Optionally, the step 202 includes removing adapter sequence data with a sequence end length being greater than or equal to an end length threshold in the amplification sequence data after being spliced, and removing sequence data with a sequence average quality value being less than a quality value threshold in the amplification sequence data.
In the embodiment of the present disclosure, the adapter sequence is a short synthetic DNA fragment that contains an enzyme cutting site and can be matched with a blunt end or a sticky end.
In the embodiment of the present disclosure, the amplification sequence data are subjected to be spliced and low-quality data filter, an adapter sequence is identified in the sequencing data according to a sequencing-platform adapter sequence, and the adapter sequence is removed. The removing criteria is that the adapter sequence data is with a sequence end being longer than or equal to the end length threshold which can be any value from 3 bp to 6 bp, such as 3 bp, 4 bp and 6 bp. Then, the low-quality sequence is filtered and removed, and a sequence filtering criteria is that an average quality value of the sequence is less than a quality average threshold, and data amount before and after removing the adapter sequence is counted, and the quality average threshold can be any value from 20 to 25, such as 21, 23 and 25.
Optionally, the step 202 includes removing a low-quality section with the quality value being less than the quality value threshold in the amplification sequence data, and removing the low-quality sequence data with a sequence length being less than a third sequence length threshold in the amplification sequence data after the low-quality section being removed.

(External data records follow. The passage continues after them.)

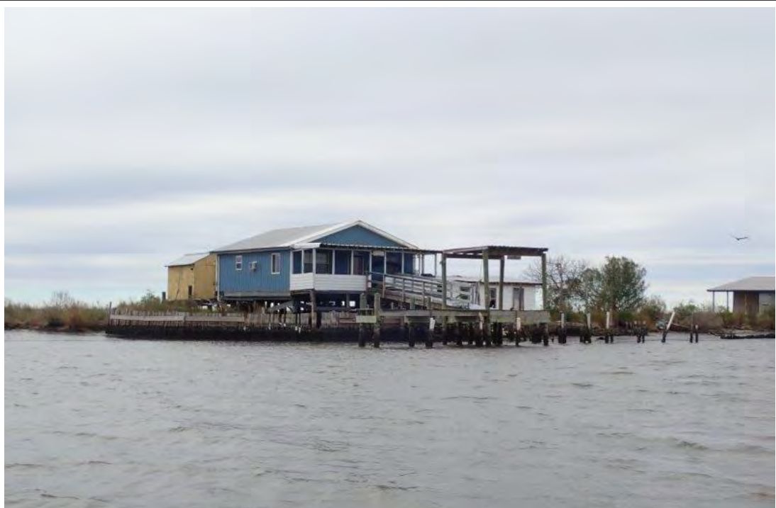
Photograph 93. Site 6: Multiple Camp Structures (29°36'1.46"N, 89°57'14.04"W)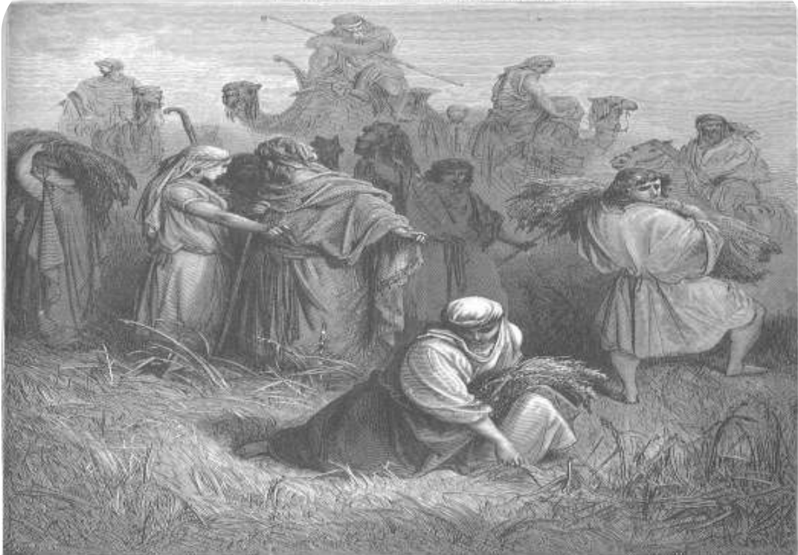
"Boaz and Ruth" by Gustave Doré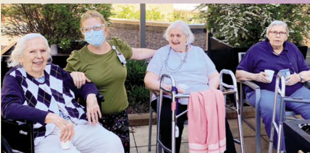
Residents gather for a conversation with staff on one of the beautiful patios at the Shaller Family Campus.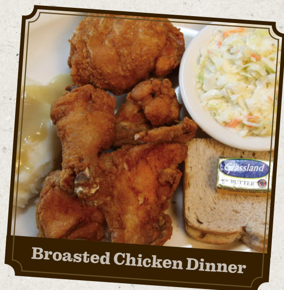
Broasted Chicken Dinner

Note: Any substitutions for Broasted Chicken dinners will change the price to by the piece pricing.

In the embodiment of the present disclosure, the low-quality segment in the amplification sequence is removed, with a removing criterion that its quality value is less than a quality value threshold, the quality value threshold can be any value from 20 to 25, for example, 20, 23 and 25, and then the sequence length is filtered, with a filtration criterion that a length of sequence data after the low-quality sequence being removed is less than the third sequence length threshold, and the third sequence length threshold can be any value from 40 bp to 50 bp, such as 40 bp, 45 bp and 50 bp. Quality value and data amount after length filtration are counted.
In the embodiment of the present disclosure, the low-quality sequence data is filtered before analyzing the amplification sequence data, thereby thus reducing the memory occupied by the nonspecific amplification sequence data and time consumption required for subsequent analysis.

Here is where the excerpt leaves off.